• PROBLEM REQUIREMENTS: Below, locate the line that contains "Tra le principali". Repeat exactly from that line to the line that contains "قمح بين اثنين", inclusive, leaving out the pictures.

• RECORDS PROVIDED:
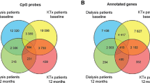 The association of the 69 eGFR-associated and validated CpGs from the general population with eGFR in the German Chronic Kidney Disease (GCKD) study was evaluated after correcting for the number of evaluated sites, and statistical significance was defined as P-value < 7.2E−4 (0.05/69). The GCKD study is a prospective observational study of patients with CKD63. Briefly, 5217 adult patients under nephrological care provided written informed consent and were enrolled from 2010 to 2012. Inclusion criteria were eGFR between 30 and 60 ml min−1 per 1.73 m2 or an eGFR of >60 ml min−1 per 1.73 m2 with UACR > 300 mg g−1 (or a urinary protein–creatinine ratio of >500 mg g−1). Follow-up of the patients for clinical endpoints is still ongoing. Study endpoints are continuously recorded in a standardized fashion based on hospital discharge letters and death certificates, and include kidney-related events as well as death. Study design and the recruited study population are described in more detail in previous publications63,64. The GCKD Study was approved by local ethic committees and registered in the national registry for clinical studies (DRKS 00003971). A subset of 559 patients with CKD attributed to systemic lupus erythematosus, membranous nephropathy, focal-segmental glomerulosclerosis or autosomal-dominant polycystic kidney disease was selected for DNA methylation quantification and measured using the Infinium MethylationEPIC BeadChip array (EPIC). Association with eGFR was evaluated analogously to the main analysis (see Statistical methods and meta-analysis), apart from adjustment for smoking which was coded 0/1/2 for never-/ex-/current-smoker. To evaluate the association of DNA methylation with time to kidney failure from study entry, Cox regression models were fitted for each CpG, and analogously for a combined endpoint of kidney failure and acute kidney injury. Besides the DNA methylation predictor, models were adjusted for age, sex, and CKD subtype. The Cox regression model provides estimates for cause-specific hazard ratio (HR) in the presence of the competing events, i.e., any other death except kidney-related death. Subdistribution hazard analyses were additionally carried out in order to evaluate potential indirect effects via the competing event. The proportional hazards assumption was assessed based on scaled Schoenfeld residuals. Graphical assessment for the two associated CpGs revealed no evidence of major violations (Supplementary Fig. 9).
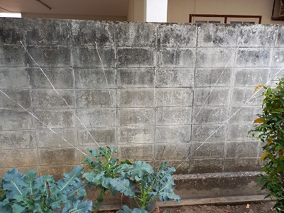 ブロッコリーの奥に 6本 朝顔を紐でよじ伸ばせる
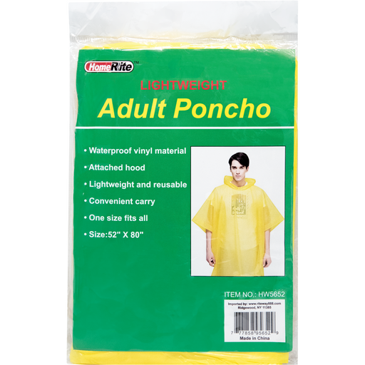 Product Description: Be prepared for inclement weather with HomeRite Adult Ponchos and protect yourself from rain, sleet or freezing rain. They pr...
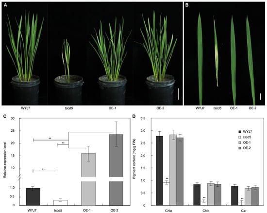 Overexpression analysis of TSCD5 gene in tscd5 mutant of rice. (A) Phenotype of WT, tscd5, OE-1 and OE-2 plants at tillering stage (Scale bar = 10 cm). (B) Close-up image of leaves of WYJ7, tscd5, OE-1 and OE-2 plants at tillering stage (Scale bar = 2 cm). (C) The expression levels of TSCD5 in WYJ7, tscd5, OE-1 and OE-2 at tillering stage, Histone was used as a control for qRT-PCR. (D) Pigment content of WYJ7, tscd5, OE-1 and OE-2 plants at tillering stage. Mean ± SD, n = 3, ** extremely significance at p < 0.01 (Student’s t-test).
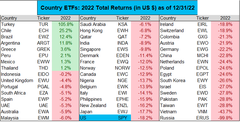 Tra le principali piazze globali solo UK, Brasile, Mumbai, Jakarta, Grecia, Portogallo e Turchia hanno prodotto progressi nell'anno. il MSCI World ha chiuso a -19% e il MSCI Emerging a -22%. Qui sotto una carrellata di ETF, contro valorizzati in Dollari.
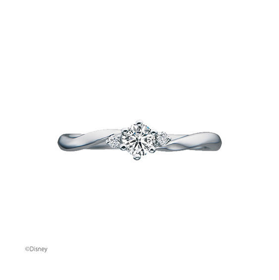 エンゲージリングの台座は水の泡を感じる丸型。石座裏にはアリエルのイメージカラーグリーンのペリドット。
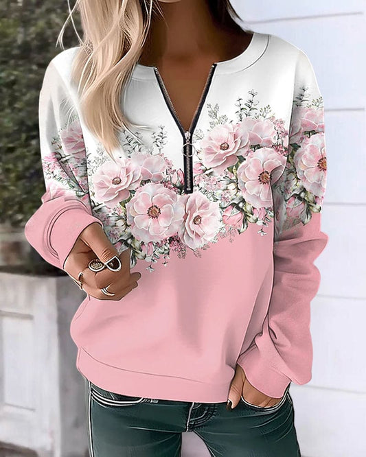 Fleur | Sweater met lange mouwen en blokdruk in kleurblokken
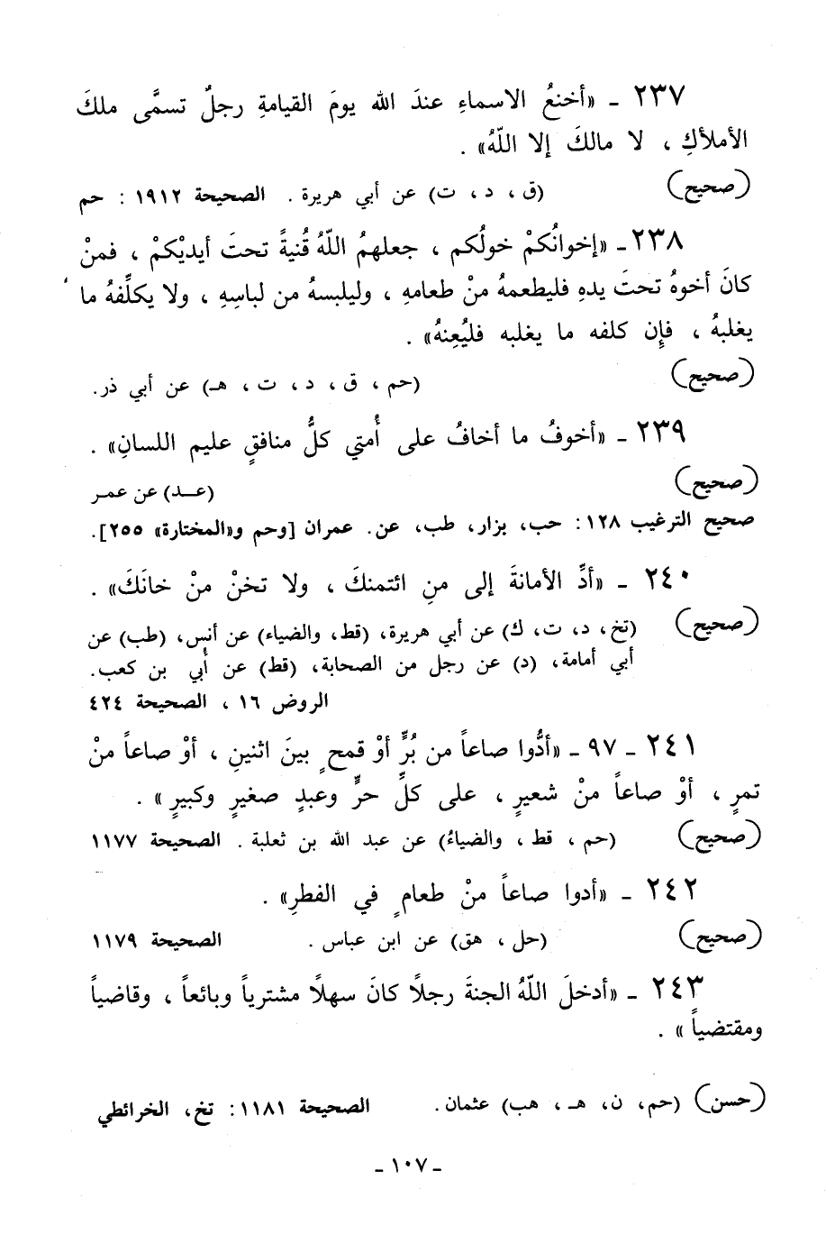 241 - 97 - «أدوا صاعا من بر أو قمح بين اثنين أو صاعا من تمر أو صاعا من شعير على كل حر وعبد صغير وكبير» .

--

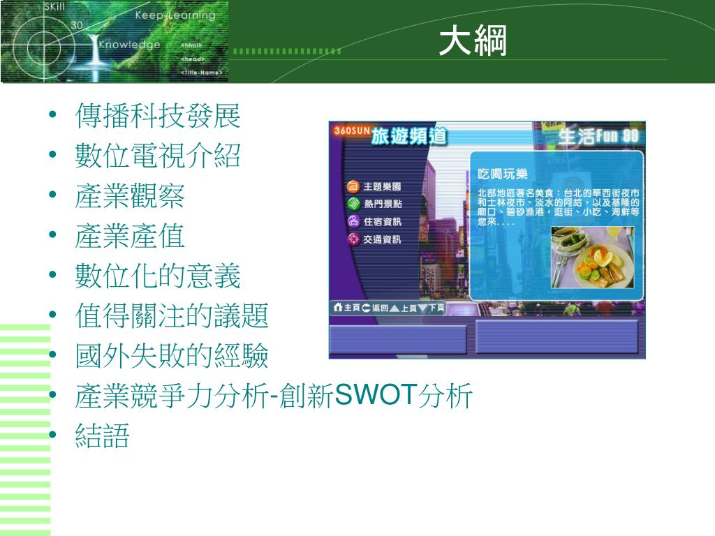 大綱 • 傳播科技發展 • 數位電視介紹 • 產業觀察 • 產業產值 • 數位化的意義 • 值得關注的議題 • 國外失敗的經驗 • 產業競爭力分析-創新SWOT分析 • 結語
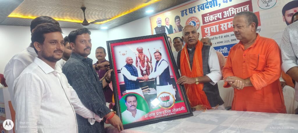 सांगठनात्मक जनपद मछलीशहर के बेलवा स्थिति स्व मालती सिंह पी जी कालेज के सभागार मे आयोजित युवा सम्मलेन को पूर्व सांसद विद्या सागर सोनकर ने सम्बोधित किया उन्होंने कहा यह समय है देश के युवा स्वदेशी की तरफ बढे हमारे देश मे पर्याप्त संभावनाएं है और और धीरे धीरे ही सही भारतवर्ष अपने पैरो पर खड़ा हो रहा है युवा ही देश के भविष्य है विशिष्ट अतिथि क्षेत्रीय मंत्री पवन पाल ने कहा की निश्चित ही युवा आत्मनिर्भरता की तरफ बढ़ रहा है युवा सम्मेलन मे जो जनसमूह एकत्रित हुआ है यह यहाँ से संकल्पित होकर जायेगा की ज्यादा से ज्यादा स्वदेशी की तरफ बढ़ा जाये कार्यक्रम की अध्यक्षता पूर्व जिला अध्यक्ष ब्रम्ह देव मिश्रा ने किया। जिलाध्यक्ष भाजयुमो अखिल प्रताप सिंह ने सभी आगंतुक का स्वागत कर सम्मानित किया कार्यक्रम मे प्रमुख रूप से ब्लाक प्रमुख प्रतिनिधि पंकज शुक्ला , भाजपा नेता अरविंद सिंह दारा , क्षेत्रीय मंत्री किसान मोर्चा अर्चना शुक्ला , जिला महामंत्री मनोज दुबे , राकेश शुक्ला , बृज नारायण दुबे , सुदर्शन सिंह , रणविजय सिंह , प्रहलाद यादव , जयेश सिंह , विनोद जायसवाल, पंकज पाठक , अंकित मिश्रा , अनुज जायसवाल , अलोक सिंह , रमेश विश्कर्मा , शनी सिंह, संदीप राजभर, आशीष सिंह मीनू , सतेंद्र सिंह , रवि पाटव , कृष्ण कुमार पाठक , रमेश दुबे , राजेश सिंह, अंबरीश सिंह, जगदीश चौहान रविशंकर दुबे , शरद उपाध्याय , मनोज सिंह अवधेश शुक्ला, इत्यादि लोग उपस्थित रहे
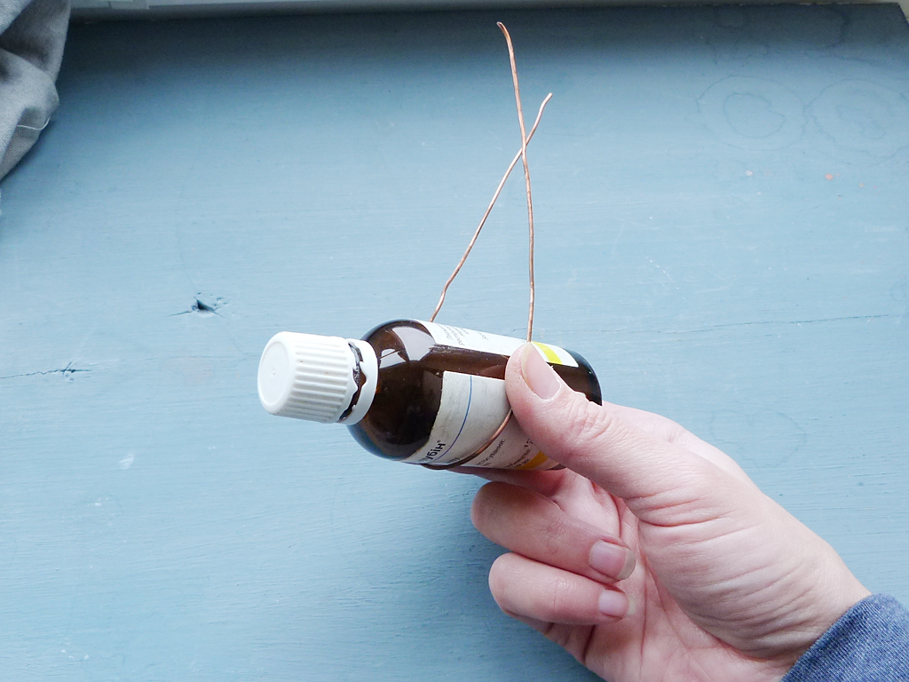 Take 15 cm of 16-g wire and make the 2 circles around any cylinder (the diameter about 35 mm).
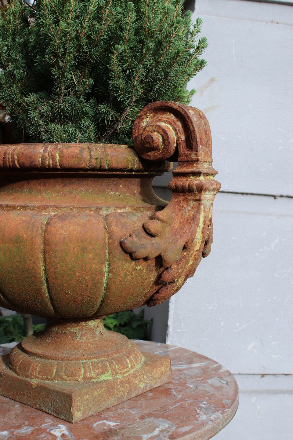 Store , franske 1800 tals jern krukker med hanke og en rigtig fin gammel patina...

• REPLY:
 Tra le principali piazze globali solo UK, Brasile, Mumbai, Jakarta, Grecia, Portogallo e Turchia hanno prodotto progressi nell'anno. il MSCI World ha chiuso a -19% e il MSCI Emerging a -22%. Qui sotto una carrellata di ETF, contro valorizzati in Dollari.
 エンゲージリングの台座は水の泡を感じる丸型。石座裏にはアリエルのイメージカラーグリーンのペリドット。
 Fleur | Sweater met lange mouwen en blokdruk in kleurblokken
 241 - 97 - «أدوا صاعا من بر أو قمح بين اثنين أو صاعا من تمر أو صاعا من شعير على كل حر وعبد صغير وكبير» .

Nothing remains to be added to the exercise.